The benchmark was done by Vincent on arm64, AFAICS. PowerPC (ppc64) was what
Bharata had used to demonstrate the order calculation change in his patch.

There seems to be some implementation dependency on CONFIG_ARM64_LSE_ATOMICS but
AFAICS that doesn't determine if cmpxchg_double is provided.

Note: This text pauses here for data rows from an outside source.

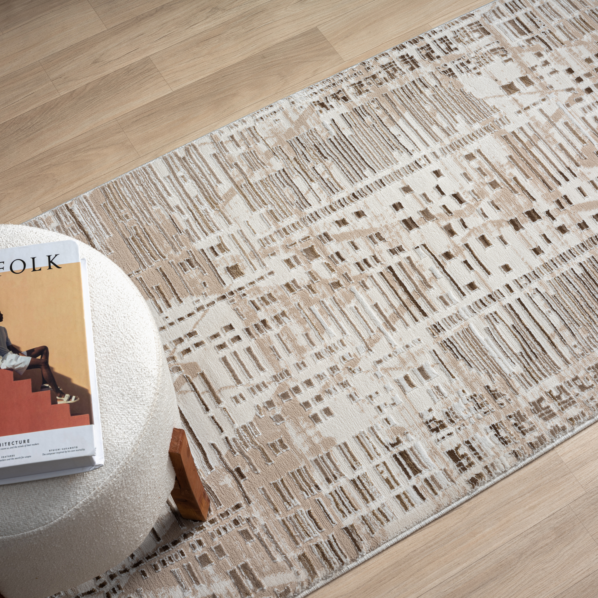 The simplistic yet compelling rugs from the Grande Collection effortlessly serve as the exemplar representation of modern decor. The meticulous construction of these pieces boasts durability and will provide natural charm into your decor space. Created to provide contemporary and transitional designs, Using versatile colorways featuring taupe, Ivory, sand and stone, the dynamic high-low finishes in each rug bring out the compelling patterns. The ultra-dense pile gives these pieces added durability with a soft touch. This collection showcases a 3D high-low textural effect. This rug is ideal for areas that do not get most of the traffic within the house.As a contemporary statement to your living room, this rug ties in a neutral color palette of gray and ivory tones with a subtle sheen. The highly decorative and beautifully textured pile is made from polyester and polypropylene, power-loomed into a soft cotton base and finished with quality all-side binding. This collection complements most interior color schemes with ease, and has shed-resistant and anti-static properties for easy maintenance.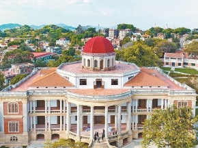 修旧如旧重新布展 百年八卦楼正青春 转型为综合性景点,继续见证鼓浪屿在保护中发展、在发展中保护的创新实践 八卦楼融合了中西方建筑经典元素。(记者 林铭鸿 摄) 厦门日报讯(记者 朱道衡)作为近代中外文化包容并蓄发展的城市典型,厦门是中国东南海防重镇与海上丝路的重要门户,是两岸同根同源的桥头堡,经历了与世界不同文化文明的碰撞和融合发展。 红色穹顶、坐落于鼓浪屿笔架山的八卦楼,是我市丰富历史文化遗存的代表。作为全国重点文物保护单位、重点保护历史风貌建筑,八卦楼是鼓浪屿世界文化遗产核心要素之一,也是琴岛为数不多的古典复兴式建筑,融合了中西方建筑经典元素。 按照“不改变文物原状”原则,八卦楼经过近3年的修缮提升,今年2月与公众重逢,由过去单一展示风琴转型为展示建筑、历史、音乐,兼具游学、观光、休闲功能的综合性景点。 如今,碧海蓝天间,保护修缮后的八卦楼头戴红色礼帽,闪耀着特有气质,古老而又青春。历经百年风霜,它仍以端庄平和之姿,俯瞰鹭江两岸,继续见证当代厦门的蓬勃发展。 多元包容 见证中西文化交融并蓄 鼓浪屿是很多人心目中文化旅游的理想之地,在这里可以感受东西方文化碰撞、欣赏万国建筑风情。乘船上岛,远远就能看见八卦楼。“红色穹顶,在一片绿树中很显眼。”学建筑的江苏游客谢望对八卦楼很感兴趣。 来到这栋体量和高度皆为鼓浪屿老别墅之最的建筑前,谢望虽然提前做了功课,仍被八卦楼震撼到。这栋大型别墅占地面积约11000平方米,主楼建筑面积约6300平方米,坐北朝南,面宽53.3米,进深33米,高26.6米。 走近八卦楼,高两层的塔斯干巨柱外廊,雄浑刚劲,激发人们对其身世的好奇。“八卦楼由台湾商人林鹤寿于1907年投资兴建。当年,他希望建造一座风格独特、能够看到厦门和整个鼓浪屿的新颖大别墅。”鼓浪屿管委会副主任陈辉杰介绍,由于建筑规模过大,林鹤寿甚至回台湾变卖土地家产筹集资金。 简洁庄重、雄伟宏大……八卦楼不负林鹤寿的期许,吸纳了外国古典建筑的诸多元素——三段式立面和对称平面、圆形大厅和中央穹顶、古典柱式和三角形山花等。红色穹顶有八条棱道,整体造型与文艺复兴时期著名建筑佛罗伦萨主教堂的红色、八面穹顶颇为相似。 在细节和用材上,八卦楼兼具闽南传统建筑特征。整座建筑如花岗岩、青草石、闽南胭脂砖、屋面红瓦等都属于当时厦门本土常见的建筑材料。主体大楼屋檐下一圈内凹的水平空间,还保留着模仿闽南红砖民居屋檐下的“水车堵”装饰带。此外,它的防潮架空层及四周的石砌敞廊也不同于西方半地下室的处理,而是融合了东南亚引进的架空层的做法,体现了多元文化的碰撞与交融。 惊喜不断 遗失15年石花座“回家” 从诞生到经历至暗时刻,再到新中国成立后的重新启用……在漫长岁月里,八卦楼饱经风霜,高大的身躯略显衰老。1986年,时任厦门市委常委、副市长的习近平同志专门指示拨款,推动八卦楼的修缮工作。 老建筑的命运从此彻底扭转。整修后的八卦楼,不仅是鼓浪屿历史风貌建筑修旧如旧的样板,也成为鼓浪屿申报世界文化遗产的核心要素之一,获得世遗专家认可。身为中西文明交汇产物的八卦楼,见证鼓浪屿在保护中发展、在发展中保护的创新实践。 2021年,我市开展鼓浪屿申遗成功后最大规模的文物修缮项目——八卦楼新一轮修缮提升,坚持“不改变文物原状”原则 ,尽可能保持原形制、原结构、原材料、原工艺,赋予其新生。 除了提升建筑的抗震性、安全性以外,历史信息也被最大限度地保留和修复,带着清晰木质纹理的红褐色门窗也被还原,这栋百年建筑恢复更真实的原貌。“采用研究性修缮施工方法,先做实验,确认无误,再应用到实际修缮中。”陈辉杰说,门窗的脱漆上漆就像女生买化妆品,先在手上试色,看过不过敏,精心挑选后再上脸。 本次修缮惊喜不断,修缮人员还找回八卦楼遗失15年的一对石花座。市博物馆陈列着许多石雕文物,工作人员通过对比老照片,发现其中一对石花座,其实属于八卦楼。 1987年至2004年,八卦楼曾作为市博物馆使用,2005年市博物馆迁往厦门岛内,这对有着一百多年历史的石花座随之遗失。经研讨,鼓浪屿管委会与相关部门达成共识,让这对石花座“回家”,八卦楼越发接近原来的模样。 独具特色 主附楼功能分区更鲜明 今年,修缮提升、重新布置展陈的八卦楼,在保护中重生,成为展示建筑、历史、音乐,兼具游学、观光、休闲功能的综合性景点。登上八卦楼三楼天台,厦鼓全景尽收眼底。整个景点对外开放面积扩大到原来的6倍多,由约1800平方米增至约12030平方米,主、附楼功能分区更加鲜明,展陈独具特色。 主楼部分,一层仍作为“国内唯一、世界一流”风琴博物馆,根据风琴发展历史,设立中庭展厅和八个专题展厅。镇馆之宝,也是体量最大的藏品“诺曼·比尔”管风琴依然处于一楼中庭的中心位置。二层被新设为手风琴展厅及艺术展厅,三层及地下架空层被新设为开放会议、论坛、文创、非遗研学及休闲空间等。 附楼则被改造为“桂冠上的明珠”专题展览馆,运用视频、音乐、图片、文字资料等综合方式,介绍八卦楼的历史、文化、建筑艺术价值等情况。陈辉杰介绍,在展厅方面,设置了较先进的多媒体互动设备。在这里,游客仿佛穿越时光隧道,聆听这栋百年历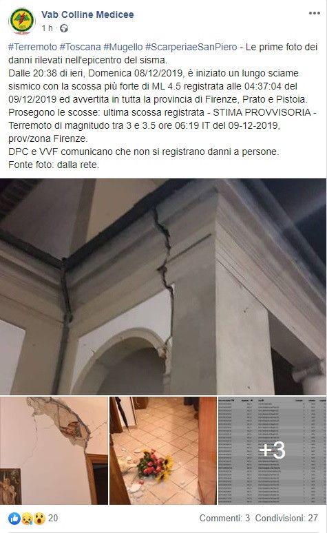 Firenze, terremoto nel Mugello: le prime foto dalla Rete

> "vgrep cmpxchg_double arch/" just spits out arm64, s390 and x86? And
> <https://liblfds.org/mediawiki/index.php?title=Article:CAS_and_LL/SC_Implementation_Details_by_Processor_family>
> says under "POWERPC": "no DW LL/SC"

Interesting find in any case.

> So powerpc is probably hitting the page-bitlock-based implementation
> all the time for stuff like __slub_free()? Do you have detailed
> profiling results from "perf top" or something like that?
> 
> (I actually have some WIP patches and a design document for getting
> rid of cmpxchg_double in struct page that I hacked together in the
> last couple days; I'm currently in the process of sending them over to
> some other folks in the company who hopefully have cycles to
> review/polish/benchmark them so that they can be upstreamed, assuming
> that those folks think they're important enough. I don't have the
> cycles for it...)

I'm curious, so I hope this works out :)
Bharata B Rao Jan. 23, 2021, 5:16 a.m. UTC | #16
On Fri, Jan 22, 2021 at 01:03:57PM +0100, Vlastimil Babka wrote:
> On 1/22/21 9:03 AM, Vincent Guittot wrote:
> > On Thu, 21 Jan 2021 at 19:19, Vlastimil Babka <vbabka@suse.cz> wrote:
> >>
> >> On 1/21/21 11:01 AM, Christoph Lameter wrote:
> >> > On Thu, 21 Jan 2021, Bharata B Rao wrote:
> >> >
> >> >> > The problem is that calculate_order() is called a number of times
> >> >> > before secondaries CPUs are booted and it returns 1 instead of 224.
> >> >> > This makes the use of num_online_cpus() irrelevant for those cases
> >> >> >
> >> >> > After adding in my command line "slub_min_objects=36" which equals to
> >> >> > 4 * (fls(num_online_cpus()) + 1) with a correct num_online_cpus == 224
> >> >> > , the regression diseapears:
> >> >> >
> >> >> > 9 iterations of hackbench -l 16000 -g 16: 3.201sec (+/- 0.90%)
> >>
> >> I'm surprised that hackbench is that sensitive to slab performance, anyway. It's
> >> supposed to be a scheduler benchmark? What exactly is going on?
> >>
> > 
> > From hackbench description:
> > Hackbench is both a benchmark and a stress test for the Linux kernel
> > scheduler. It's  main
> >        job  is  to  create a specified number of pairs of schedulable
> > entities (either threads or
> >        traditional processes) which communicate via either sockets or
> > pipes and time how long  it
> >        takes for each pair to send data back and forth.
> 
> Yep, so I wonder which slab entities this is stressing that much.
> 
> >> Things would be easier if we could trust *on all arches* either
> >>
> >> - num_present_cpus() to count what the hardware really physically has during
> >> boot, even if not yet onlined, at the time we init slab. This would still not
> >> handle later hotplug (probably mostly in a VM scenario, not that somebody would
> >> bring bunch of actual new cpu boards to a running bare metal system?).
> >>
> >> - num_possible_cpus()/nr_cpu_ids not to be excessive (broken BIOS?) on systems
> >> where it's not really possible to plug more CPU's. In a VM scenario we could
> >> still have an opposite problem, where theoretically "anything is possible" but
> >> the virtual cpus are never added later.
> > 
> > On all the system that I have tested num_possible_cpus()/nr_cpu_ids
> > were correctly initialized
> > 
> > large arm64 acpi system
> > small arm64 DT based system
> > VM on x86 system
> 
> So it's just powerpc that has this issue with too large nr_cpu_ids? Is it caused
> by bios or the hypervisor? How does num_present_cpus() look there?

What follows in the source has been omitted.